“Gustine Mine, August 11, 1888. Work is getting along splendidly and during this week I will get surveys made to Ironton which is as far as the line will be built this year. By the middle of next week the work will be only two miles from here and in a very short time at my door.”
“Gustine Mine, September 16, 1888. Construction work will be done in about five weeks; then I shall go to Telluride to make a short survey for a three foot gauge road.” (This became the Rio Grande Southern.)
“Ironton, October 3, 1888. Since writing you I have moved from the Gustine Mine to Ironton and we are living in a large vacant hotel, lots of room but not the conveniences we had at the mine.”
“Ironton, October 29, 1888. Since my last letter to you I discharged all my men but one and moved to Silverton but was put in charge of the work train and the track laying outfit so am back in the grader’s camp but will be done here in about a week.”
Wyes were placed at Sheridan Junction, Red Mountain and Ironton in 1888 and at Albany the next year. That of the D. & R. G. was used at Silverton. Very little room was available at Red Mountain and so only the smallest kind of wye could be made—one just big enough to accommodate an engine and a car and the depot had to be set inside of it.

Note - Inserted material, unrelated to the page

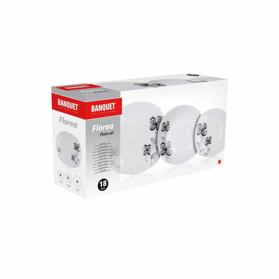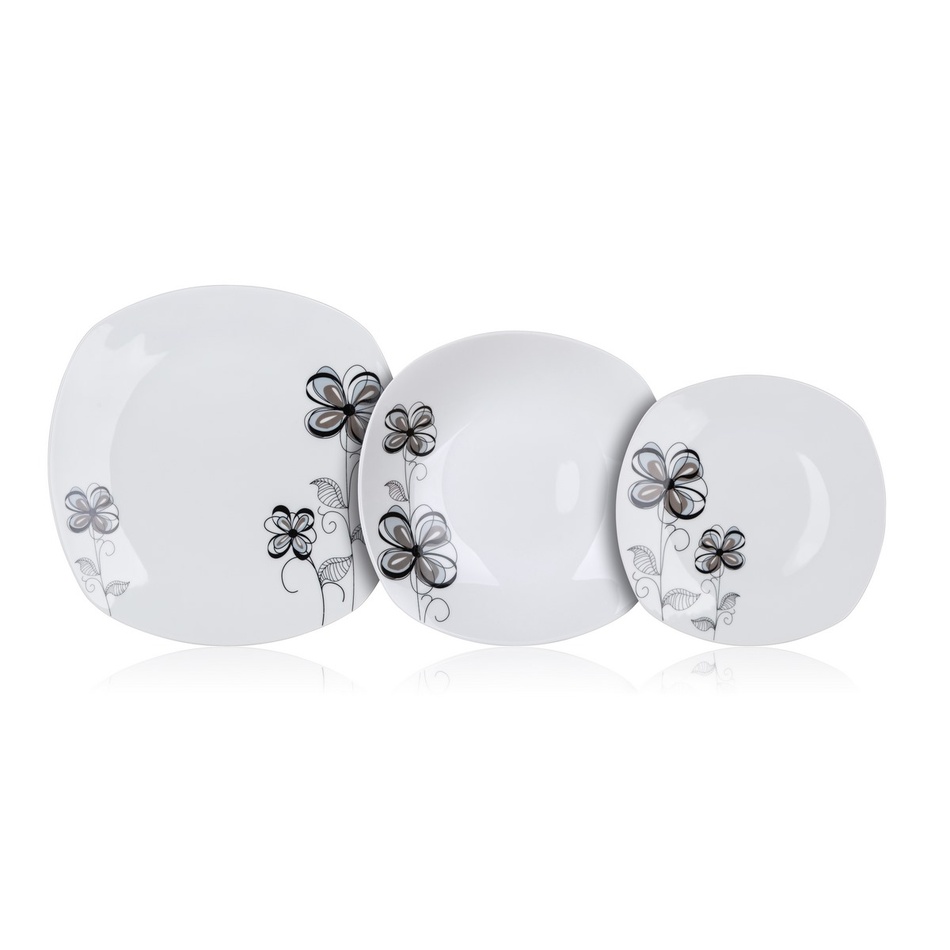 Elegantná jedálenská súprava so štvorcovým tvarom tanierov je vyrobená z kvalitného porcelánu a dekorovaná pekným kvetinovým motívom, ktorý krásne vyniká na čisto bielom podklade. Porcelán zaistí riadu pevnosť, lesk, hladký povrch a pekný vzhľad dlhú bodu.Súprava je vhodná pre každodenné používanie, umývanie v umývačke riadu i ohrievanie v mikrovlnnej rúre.Sada obsahuje: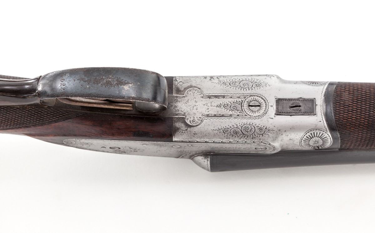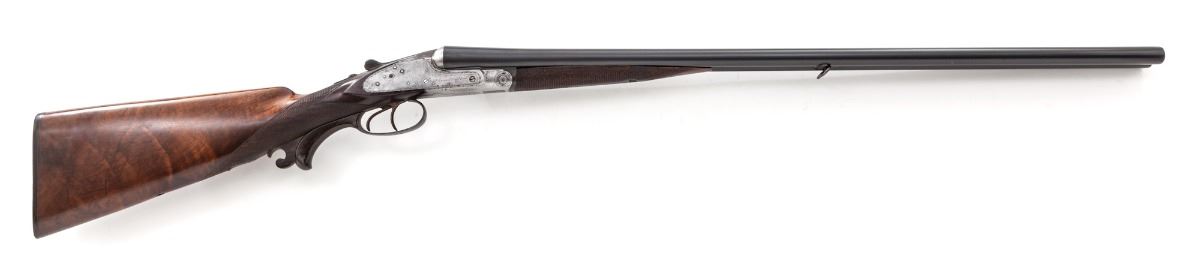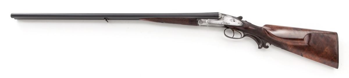 J. P. Sauer & Sohn, Suhl, Side-by-Side Sidelock Shotgun, #46223, 16 ga., 2-9/16'' chs., 29'' blue finish barrels with 7/16'' concave matted rib and front white bead, IC. chokes, 7/8'' sling swivel, third fastener and extractor; proofmarks are pre-1891. Case-colored frame has light scroll engraved borders with double triggers, cocking indicators, manual top tang safety and horn triggerguard extension. Checkered straight-grip stock and splinter forend are lightly figured French walnut with a semi-gloss varnish; stock has a saddle cheekpiece and a length of pull of 13-7/8'' over a checkered horn buttplate; weight is 6-3/4 lbs. Condition is fair to good showing light use. Frame has 10% remaining case-colors with scattered oxidation and pitting under a polished in-the-white finish; lockplates are slightly wavy with pry marks. Barrels are refinished over earlier pitting that is partially filled in the top rib; forend iron and triggerguard have light rust; screw slots are marred. There is a small split on the triggerguard extension and the rear sling swivel is missing. Action is tight, bores shows patchy oxidation and pitting on the muzzles. Est.: $1,000-$1,500. (Antique)

Not counting the wyes there was only one switchback, that at Corkscrew Gulch, the most famous in the world as it contained a housed-over turntable.
Curvature was almost continuous. Four curves were particularly sharp—those at Chattanooga, Red Mountain, Joker Tunnel and Ironton. Steep grades were also almost continuous, some as much as 5%. Some maps have shown the grade at Chattanooga as 7%. This is an error. Mr. Gibbs, the builder, stated it was 5% and a recent survey has substantiated his figure.
Bridges, as compared to those on the Rio Grande Southern Railroad, were very small, there being, outside of water boxes and culverts, only three. Two were on the main line, one where the railroad crossed Mineral Creek at Chattanooga and the other where the railroad crossed Red Mountain Creek at Joker Tunnel. The other one was on the Treasury Tunnel Branch.
The name of Burro Bridge for the station at milepost 5.3 is very misleading since the railroad sported no span at all at that point. The supposition is that the word applied to the wagon-road bridge across Mineral Creek somewhat below and away from the railroad. This road branched off from the main Silverton-Red Mountain highway about five and one-half miles north of Silverton, crossed Mineral Creek and made its way up Middle Fork Gulch and across Ophir Pass to Ophir. This, first a burro trail and later a very rugged wagon road, was in use for perhaps fifteen years before the advent of the rail line. Since the Silverton Railroad unloaded freight for Ophir in the neighborhood of Burro Bridge it is assumed that this was the reason for the adoption of the name for the station.
The town of Chattanooga eventually grew up to the left of the location shown on the map in order to avoid Mineral Creek floods.